Re: [PATCH v1 0/3] util/oslib-posix: Support MADV_POPULATE_WRITE for os_mem_prealloc()
Posted by Daniel P. Berrangé 2 years, 9 months ago
On Wed, Jul 14, 2021 at 01:23:03PM +0200, David Hildenbrand wrote:
> #1 adds support for MADV_POPULATE_WRITE, #2 cleans up the code to avoid
> global variables and prepare for concurrency and #3 makes os_mem_prealloc()
> safe to be called from multiple threads concurrently.
> 
> Details regarding MADV_POPULATE_WRITE can be found in introducing upstream
> Linux commit 4ca9b3859dac ("mm/madvise: introduce
> MADV_POPULATE_(READ|WRITE) to prefault page tables") and in the latest man
> page patch [1].

Looking at that commit message, I see your caveat about POPULATE_WRITE
used together with shared file mappings, causing an undesirable glut
of dirty pages that needs to be flushed back to the underlying storage.

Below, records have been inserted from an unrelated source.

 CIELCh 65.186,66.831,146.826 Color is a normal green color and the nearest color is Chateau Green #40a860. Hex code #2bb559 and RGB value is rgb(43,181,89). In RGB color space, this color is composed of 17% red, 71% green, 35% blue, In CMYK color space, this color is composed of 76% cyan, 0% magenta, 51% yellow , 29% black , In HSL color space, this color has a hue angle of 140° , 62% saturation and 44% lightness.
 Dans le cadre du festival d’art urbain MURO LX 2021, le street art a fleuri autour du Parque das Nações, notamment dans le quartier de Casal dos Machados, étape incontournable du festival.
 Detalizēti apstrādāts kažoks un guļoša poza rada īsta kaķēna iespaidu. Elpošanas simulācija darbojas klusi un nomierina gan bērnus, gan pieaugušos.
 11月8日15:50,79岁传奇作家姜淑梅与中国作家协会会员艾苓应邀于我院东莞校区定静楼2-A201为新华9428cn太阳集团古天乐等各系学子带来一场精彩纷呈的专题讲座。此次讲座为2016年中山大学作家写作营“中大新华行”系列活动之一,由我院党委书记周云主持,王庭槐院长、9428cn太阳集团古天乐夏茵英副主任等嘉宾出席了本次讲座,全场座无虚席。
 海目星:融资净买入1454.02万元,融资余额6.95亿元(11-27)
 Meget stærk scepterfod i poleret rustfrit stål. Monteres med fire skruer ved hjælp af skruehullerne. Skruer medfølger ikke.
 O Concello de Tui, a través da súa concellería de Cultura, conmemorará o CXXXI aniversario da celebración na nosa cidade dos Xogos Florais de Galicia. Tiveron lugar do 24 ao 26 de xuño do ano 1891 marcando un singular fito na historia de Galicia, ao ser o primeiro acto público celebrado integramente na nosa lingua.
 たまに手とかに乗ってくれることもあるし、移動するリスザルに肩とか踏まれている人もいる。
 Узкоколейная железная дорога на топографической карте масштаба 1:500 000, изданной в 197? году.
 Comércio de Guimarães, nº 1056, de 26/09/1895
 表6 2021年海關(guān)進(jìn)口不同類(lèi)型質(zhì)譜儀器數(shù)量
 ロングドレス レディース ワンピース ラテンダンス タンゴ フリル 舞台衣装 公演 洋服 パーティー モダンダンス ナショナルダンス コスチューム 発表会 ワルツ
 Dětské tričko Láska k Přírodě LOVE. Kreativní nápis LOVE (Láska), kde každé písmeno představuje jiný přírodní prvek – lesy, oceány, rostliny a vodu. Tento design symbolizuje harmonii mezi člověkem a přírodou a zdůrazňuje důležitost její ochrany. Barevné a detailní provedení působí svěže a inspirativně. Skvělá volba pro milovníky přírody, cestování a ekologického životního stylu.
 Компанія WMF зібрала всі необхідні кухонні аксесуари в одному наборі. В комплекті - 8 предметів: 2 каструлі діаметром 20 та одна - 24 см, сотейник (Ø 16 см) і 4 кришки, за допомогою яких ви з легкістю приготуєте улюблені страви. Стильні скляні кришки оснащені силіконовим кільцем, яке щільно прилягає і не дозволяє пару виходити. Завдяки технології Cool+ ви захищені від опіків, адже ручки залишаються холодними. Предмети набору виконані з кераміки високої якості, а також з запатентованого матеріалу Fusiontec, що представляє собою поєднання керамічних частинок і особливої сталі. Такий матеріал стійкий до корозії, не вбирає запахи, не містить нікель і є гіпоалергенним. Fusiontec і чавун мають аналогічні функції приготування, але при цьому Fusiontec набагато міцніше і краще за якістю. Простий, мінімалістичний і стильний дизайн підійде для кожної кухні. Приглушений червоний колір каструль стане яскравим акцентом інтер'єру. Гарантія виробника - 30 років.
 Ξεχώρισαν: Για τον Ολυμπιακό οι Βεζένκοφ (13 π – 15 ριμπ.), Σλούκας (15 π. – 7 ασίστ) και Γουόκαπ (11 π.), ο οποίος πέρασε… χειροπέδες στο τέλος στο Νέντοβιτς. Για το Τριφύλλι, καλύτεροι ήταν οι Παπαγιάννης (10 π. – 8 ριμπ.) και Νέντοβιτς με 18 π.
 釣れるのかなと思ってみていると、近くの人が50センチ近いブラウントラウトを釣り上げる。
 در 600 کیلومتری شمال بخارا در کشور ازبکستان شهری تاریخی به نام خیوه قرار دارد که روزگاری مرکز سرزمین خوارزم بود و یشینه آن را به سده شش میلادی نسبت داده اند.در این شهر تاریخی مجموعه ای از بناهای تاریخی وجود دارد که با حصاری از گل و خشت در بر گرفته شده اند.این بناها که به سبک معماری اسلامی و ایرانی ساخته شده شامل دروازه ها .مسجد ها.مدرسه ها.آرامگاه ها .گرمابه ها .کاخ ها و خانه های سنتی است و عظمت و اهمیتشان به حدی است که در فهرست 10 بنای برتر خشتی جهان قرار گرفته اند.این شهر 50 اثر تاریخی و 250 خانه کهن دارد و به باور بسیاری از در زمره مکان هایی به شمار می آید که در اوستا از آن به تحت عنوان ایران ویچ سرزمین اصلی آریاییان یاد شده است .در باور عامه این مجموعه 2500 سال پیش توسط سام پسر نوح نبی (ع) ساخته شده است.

Is this something we need to be concerned with for the hostmem-file.c
implementation ? While it is mostly used to point to files on tmpfs
or hugetlbfs, I think users do something point it to a plain file
on a normal filesystem.  So will we need to optimize to use the
fallocate+POPULATE_READ combination at some point ?


Regards,
Daniel
-- 
|: https://berrange.com      -o-    https://www.flickr.com/photos/dberrange :|
|: https://libvirt.org         -o-            https://fstop138.berrange.com :|
|: https://entangle-photo.org    -o-    https://www.instagram.com/dberrange :|


Re: [PATCH v1 0/3] util/oslib-posix: Support MADV_POPULATE_WRITE for os_mem_prealloc()
Posted by David Hildenbrand 2 years, 9 months ago
On 20.07.21 16:45, Daniel P. Berrangé wrote:
> On Wed, Jul 14, 2021 at 01:23:03PM +0200, David Hildenbrand wrote:
>> #1 adds support for MADV_POPULATE_WRITE, #2 cleans up the code to avoid
>> global variables and prepare for concurrency and #3 makes os_mem_prealloc()
>> safe to be called from multiple threads concurrently.
>>
>> Details regarding MADV_POPULATE_WRITE can be found in introducing upstream
>> Linux commit 4ca9b3859dac ("mm/madvise: introduce
>> MADV_POPULATE_(READ|WRITE) to prefault page tables") and in the latest man
>> page patch [1].
> 
> Looking at that commit message, I see your caveat about POPULATE_WRITE
> used together with shared file mappings, causing an undesirable glut
> of dirty pages that needs to be flushed back to the underlying storage.
> 
> Is this something we need to be concerned with for the hostmem-file.c
> implementation ? While it is mostly used to point to files on tmpfs
> or hugetlbfs, I think users do something point it to a plain file
> on a normal filesystem.  So will we need to optimize to use the
> fallocate+POPULATE_READ combination at some point ?

In the future, it might make sense to use fallocate() only when it comes 
to shared file mappings.

AFAIKS os_mem_prealloc() currently serves the following purposes:

1) Preallocate anonymous memory or backend storage (file, hugetlbfs, ...)
2) Apply mbind() policy, preallocating it from the right node when 
applicable.
3) Prefault page tables

For shared mappings, it's a little bit difficult, though: mbind() does 
not seem to work on shared mappings (which to some degree makes 
logically sense, but I don't think QEMU users are aware that it is like 
that): "The specified policy will be ignored for any  MAP_SHARED 
mappings  in  the specified  memory range. Rather the pages will be 
allocated according to the memory policy of the thread that caused the 
page to be allocated. Again, this may not be the thread that called 
mbind()."

So 2) does not apply. A simple fallocate() can get 1) done more efficiently.

So if we want to use MADV_POPULATE_READ completely depends on whether we 
want 3). It can make sense to prefault page tables for RT workloads, 
however, there is usually nothing stopping the OS from clearing the page 
cache and requiring a refault later -- except with mlock.

So whether we want fallocate() or fallocate()+MADV_POPULATE_READ for 
shared file mappings really depends on the use case, and on the system 
setup. If the system won't immediately free up the page cache and undo 
what MADV_POPULATE_READ did, it might make sense to use it.

Long story short: it's complicated :)

-- 
Thanks,

David / dhildenb